Frankfurt hat im Wettbewerb um einen neuen Standort für die European Banking Authority (EBA) den Kürzeren gezogen. Die Wahl fiel auf Paris, wo bereits die Europäische Wertpapier- und Marktaufsicht (European Securities and Markets Authority, ESMA) beheimatet ist. Die wirtschaftliche Bedeutung der EBA mit ihren rund 220 Mitarbeitern ist für den Standort Frankfurt eher gering, verglichen mit anderen Aufsichtsinstitutionen, die sich bislang dort angesiedelt haben. Während die Bankenaufsicht lediglich die Regeln und Vorschriften für die Banken formuliert, übernimmt der mit mehreren tausend Mitarbeitern in Frankfurt ansässige Einheitliche Bankenaufsichtsmechanismus (Single Supervisory Mechanism, SSM) die eigentliche Aufsicht über die Banken. Insofern ist die Entscheidung der EU-Minister für Paris und gegen Frankfurt eher eine Niederlage von symbolischer Bedeutung. Sie zeigt, dass Frankfurt sich noch mehr anstrengen muss, wenn es gelingen soll, als Folge des Brexits substantielle Teile des Londoner Finanzmarktes an den Main zu holen. Ein harter Wettbewerb um Märkte und Marktteilnehmer gehört zu den guten Traditionen in Europa. Es ist also keineswegs selbstverständlich, dass Frankfurt als Gewinner des Brexits hervorgehen wird.

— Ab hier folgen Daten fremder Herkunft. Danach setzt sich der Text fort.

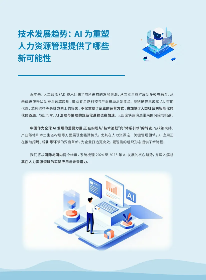 当前AI技术正从"技术图腾"加速蜕变为支撑企业运营的"数字基础设施",这一变革为人力资源领域带来重构工作流程、提升运营效率的战略机遇。然而,调研数据显示,尽管七成企业已在战略层面布局AI技术,实际应用成熟度却普遍偏低——65.73%仍处于Level1-2的观望或单点试水阶段,仅11.27%实现多场景深度应用,呈现出典型的"高期望、低落地"割裂状态。从全球视角看,AI技术呈现多模态融合、智能体协作、轻量化部署和具身智能嵌入四大方向。多模态技术使AI能同时处理文字、图像、语音和视频,让员工服务更拟真高效;智能体从工具升级为"虚拟员工",可自主完成端到端复杂流程;模型压缩技术使部署成本降低至1/14,中小企业也能轻松应用;人形机器人突破则倒逼HR重新设计岗位、能力体系与安全规范。本土市场呈现独特演进路径:国产大模型如DeepSeek以1/30的成本实现高性能,推动AI深度融入办公APP和微信小程序;政策红利支持下,国产芯片与半导体设备加速替代,数据合规性显著增强;AI眼镜、陪伴机器人等硬件创新为沉浸式培训、跨文化模拟提供技术底座;百度、阿里等推动开源生态,使HR面对众多深耕本土场景的服务商。人力资源领域AI应用呈现"三高三低"特征:战略重视度高但执行成熟度低、场景覆盖广度大但功能渗透深度低、未来投入意愿强但当前预算明确度低。83.57%的企业尚无明确预算规划,预算不足与数据安全成为主要卡点。近半数企业未能量化AI收益,但74.82%认为在招聘效率提升上效果明显。应用环节呈现明显分化:招聘流程管理成为渗透率最高的场景(71.22%),其次是培训开发(67.92%)和员工体验(62.26%)。但深度应用面临数据质量瓶颈——"HR相关数据积累较差,难以训练优化模型"被68.97%企业视为核心挑战。此外,产品成熟度不足、用户体验待优化、使用者专业要求高等问题也制约着应用深化。成功落地企业呈现出清晰的场景选择逻辑:高需求、强痛点、可量化是招聘场景成为突破口的关键。丹纳赫集团通过"多场景AI外呼机器人+共享人才库+AI视频面试"组合拳,将简历筛选效率提升数倍,其核心经验在于:以真实数据验证效果、坚持可行可控原则、将转化率而非入职率作为衡量标准。培训领域则呈现标准化程度高、结构化特征强的优势。中国电信的"AI+学习"三年行动计划颇具代表性:2024年建产品,2025年建规范,2026年造文化。通过将12万门课程知识点化、构建智能搜索推荐系统,实现"千人千面"自适应学习。针对数据模型开放度不足的瓶颈,通过拓展至上千个推荐模板持续优化,解决"推荐内容雷同"问题。其成功关键在于战略牵引、文化传承、管理者支持与专业人才储备的四位一体。员工体验提升场景因影响面广、感知收益大而快速普及。上海电气选择应届生积分落户作为切入点,因其"与现有制度关联度弱、规则清晰、刚需明显、数据完备"。通过本地部署大语言模型,实现政策评分、材料辅助、智能查询功能,将三个月的语料库搭建转化为可持续运营的知识体系。一汽-大众则打造"众问"智能助手,发动员工端、政策端、HRSSC端三角色共建语料库,通过工单机制实时监控纠偏,实现"能问、能办、能查询"的敏捷响应。绩效管理正从目标设定向全流程智能化演进。某多元化集团通过AI辅助指标生成,将PDCA循环中"撰写笼统、反复沟通"的痛点转化为"智能校正、快速成型",沟通成本大幅下降。绿城中国则构建"管理者驾驶舱",实现团队动态监测、选人用人辅助、人才路径规划与风险预警,推动HR从执行者转向战略支持者。数据分析场景最具变革潜力。绿城中国的离职预测模型基于多年访谈数据与建模能力,将访谈分析自动化、洞察质量一致化、模型反馈闭环化,实现"洞察—预测—优化"三段闭环。其经验表明:HR需走到转型前台,具备数据理解力、流程重构力与人机协同力,通过"价值明确、风险可控、数据成熟"的试点原则,避免高开低走。面对"试验田"选择难题,资料提出 "高产出与低风险并行,建立AI能力是首要目标" 的方法论。高产出场景需满足:战略牵引强、流程成熟、影响广泛、提效明显、数据完备、结果可衡量、技术现成。低风险则需考虑:安全性高、紧急度低、阻力较小、试点性强。当前企业普遍认可的先行场景包括:招聘流程管理、政策智能问答、课程设计、目标设定、离职风险预测。这些场景共同特征是:规则相对清晰、数据结构化程度高、员工感知度强、可快速验证价值。AI在人力资源领域的演进将经历三个阶段:单点工具→流程嵌入→生态重构。当前多数企业停留在工具替代层面,但丹纳赫的"人才意向库联动内外部流动"、绿城中国的"数据洞察驱动人才保留"、中国电信的"万人级调优知识库"已揭示未来方向——打破场景壁垒,构建"选育用留"全链条智能生态。这场蜕变标志着HR核心价值从流程管控转向人才价值创造。当AI成为支撑人才全生命周期的基座,HR将回归本质使命:以技术为舟、以人性为舵,在高效运营与深度关怀的平衡中,释放个体与组织的最大潜能。这不仅是技术胜利,更是人才管理新纪元的开启。技术成本持续下降、应用门槛降低,将推动AI从战略高地走向组织基础能力,最终实现"人人皆有AI助手"的普惠图景。部分内容预览

Als guter Verlierer sollte man den Franzosen zu ihrem Erfolg gratulieren. Die Bedeutung des Finanzplatzes Paris wird mit der Ansiedlung der EBA weiter zunehmen. Mit der Entscheidung der EU-Minister ist außerdem auf indirekte Weise Präsident Emmanuel Macrons offensiver pro-europäischer Kurs bestätigt worden. Sie ist ein Signal, dass seine intensiven Bemühungen um eine Weiterentwicklung der Europäischen Union in Brüssel anerkannt und honoriert werden. Aus der deutschen Politik hingegen kommen kaum Signale in diese Richtung. Die ausgestreckte Hand Macrons hängt in der Luft. Hierzulande fehlen das Nachdenken und die Diskussion über eine Strategie zur Weiterentwicklung der EU. Dies ist teilweise auf die derzeit unklare politische Situation zurückzuführen. Es ist zusätzlich bedauerlich, dass Deutschland in den kommenden Monaten weiterhin keine handlungsfähige Regierung haben wird und dies in einer Zeit, in der wir diese dringend benötigen.